Une source judiciaire a ensuite indiqué à l'AFP que l'ex-président avait été placé en garde à vue.

M. Sarkozy, et avant lui l'ancien président Jacques Chirac, ont pu être inculpés dans des affaires judiciaires, mais jamais une garde à vue n'avait été organisée.

Me Herzog, est lui en garde à vue depuis lundi, ainsi que deux hauts magistrats, Gilbert Azibert et Patrick Sassoust. Les enquêteurs vont pouvoir confronter les versions des quatre hommes.
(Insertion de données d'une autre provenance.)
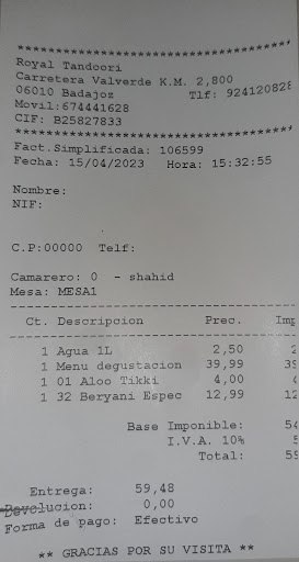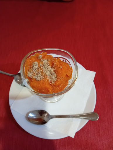 Read moreLa nourriture est bien délicieuse et très copieuse. Nous avons opté pour un menu bbq pour 2 personnes et nous n'avons pas réussi à terminer les plats. Dans le menu y a 2 nans, 1 nature et 1 a l'ail bien généreux, deux sortes de riz (sucré et aux épices) plusieurs viandes et préparations végétales (sorte de gratin de pomme de terre ou encore aux oignons). Le poulet tikka masala est servi a part pour préserver la sauce. C'était délicieux et pas piquant du tout, adapté aux palets européens, en tout cas j'apprécie énormément car je ne suis pas très fan quand c'est trop épicé. En dessert le restaurateur nous a servi un riz au lait (a la saveur de noix de coco et amandes) et une sorte de dessert a base de semoule probablement safranée avec les amandes concassées. C'était bon mais assez basique. Pour terminer ce repas nous avons bu du thé à la menthe et aux épices, super savoureux et délicieux. Le service est aux petits soins, les plats servis rapidement avec les explications nécessaires. Le restaurant n'accepte pas les chiens a l'intérieur, comme ils disposent d'une petite terrasse a l'extérieur et le temps était agréable, nous avons pu déjeuner...
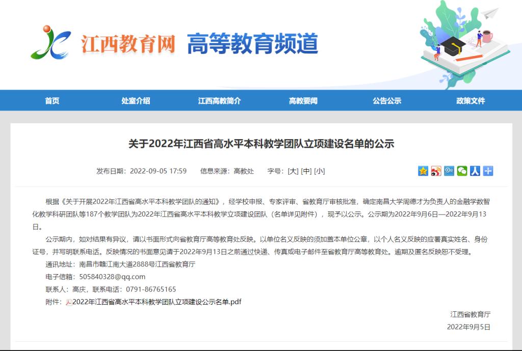 图1 2022年江西省高水平本科教学团队立项建设公示名单

Ils cherchent à établir si Nicolas Sarkozy, 59 ans, a oeuvré pour obtenir des informations auprès d'un magistrat de haut rang, Gilbert Azibert, sur une décision de justice le concernant, en échange de la promesse d'un poste de prestige à Monaco.

Juridiquement, le trafic d'influence est réprimé par plusieurs articles du Code pénal avec des peines pouvant aller jusqu'à 10 ans de prison et 150 000 euros d'amende selon les circonstances. Ces quantums sont, dans ce dossier, très théoriques. Personne n'est pour l'heure poursuivi de ce chef, aucune inculpation n'a été prononcée et on ne connaît pas les chefs d'accusation qui pourraient être éventuellement retenus pour tel ou tel protagoniste.

Un ex-président sur écoute

L'affaire trouve sa genèse au printemps 2013. Plusieurs proches de Nicolas Sarkozy ont été placés sur écoute dans l'enquête sur les accusations de financement par la Libye de Mouammar Kadhafi de la campagne présidentielle victorieuse de 2007 de M. Sarkozy.

L'un d'entre eux, Michel Gaudin, ancien patron de la police nationale et ex-préfet de police de Paris, a plusieurs conversations qui interpellent les enquêteurs. Il semble notamment vouloir, en vain, se renseigner sur l'enquête libyenne auprès du patron du renseignement intérieur, Patrick Calvar.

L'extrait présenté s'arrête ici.